• INFORMATION SUPPLIED
== Segment start ==

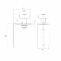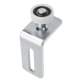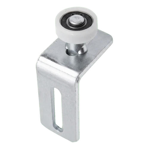 Førerrullen monteres på skydeportens stolpe ved hjælp af det medfølgende vinkeljern. Vinkeljernets lodrette arm (85 mm) fastgøres til stolpen, mens den vandrette arm (60 mm) stikker ud mod porten og holder rullen i linje med køreskinnen. Det langsgående monteringshul muliggør præcis justering af rullens højde og position, hvilket er særligt vigtigt ved nivellering af føringsskinnens C-profil.
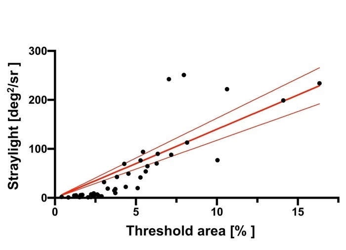 Chart: Threshold area (x-axis) and straylight value (y-axis) had a statistically significant correlation, with R2=0.80, P<0.001. The red lines show the fitted linear regression with 95% confidence intervals.
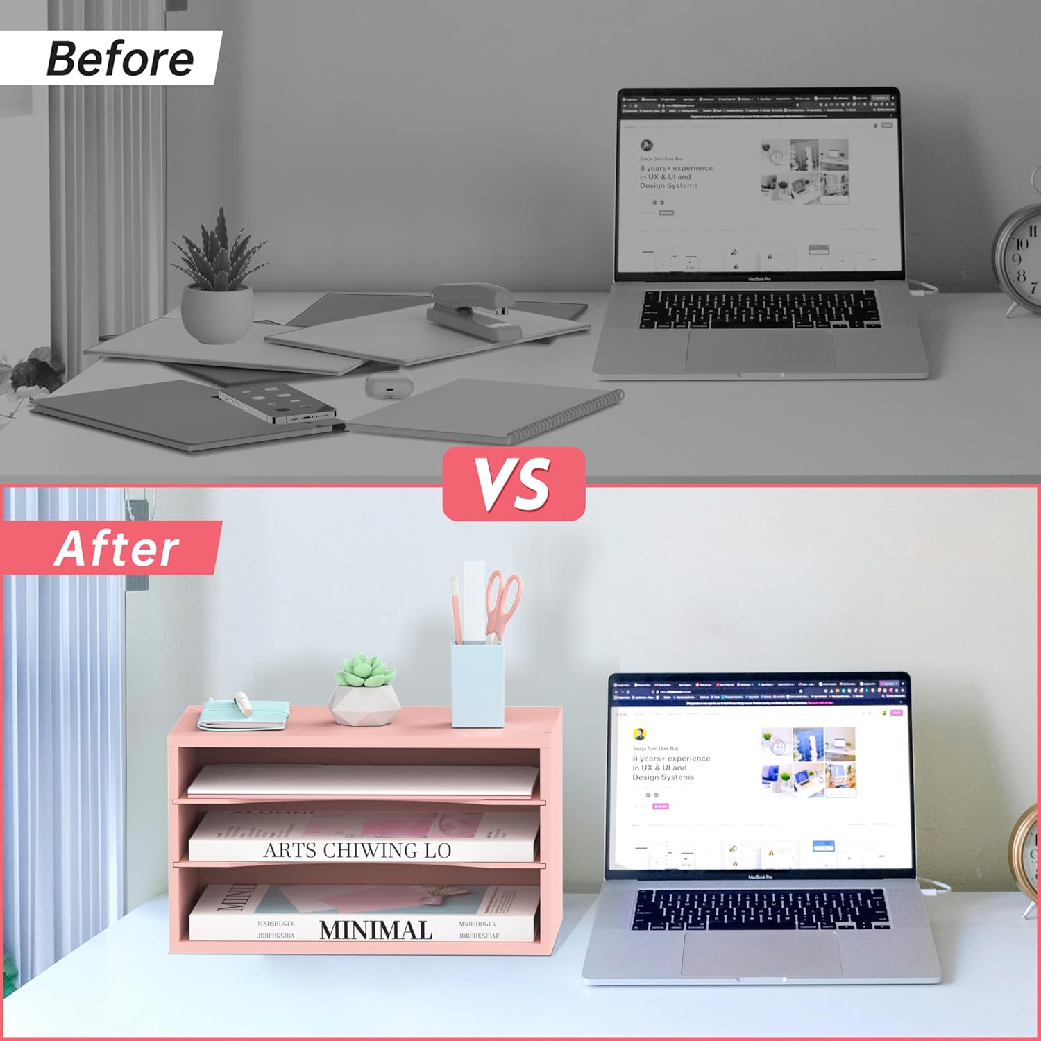 SUPEASY Wood Desk Organizer, 3 Tier Paper File Organizer for Desk, Wooden Desktop Organizer, Paper Letter Literature Mail Sorter, for Office School & Home Organization, Pink

== Segment end ==

• TASK REQUIREMENTS
Which lines run from the one containing "Chart: Threshold area" to the end of the data above? Set down those lines exactly, and only those, without any pictures.

• RESULT
 Chart: Threshold area (x-axis) and straylight value (y-axis) had a statistically significant correlation, with R2=0.80, P<0.001. The red lines show the fitted linear regression with 95% confidence intervals.
 SUPEASY Wood Desk Organizer, 3 Tier Paper File Organizer for Desk, Wooden Desktop Organizer, Paper Letter Literature Mail Sorter, for Office School & Home Organization, Pink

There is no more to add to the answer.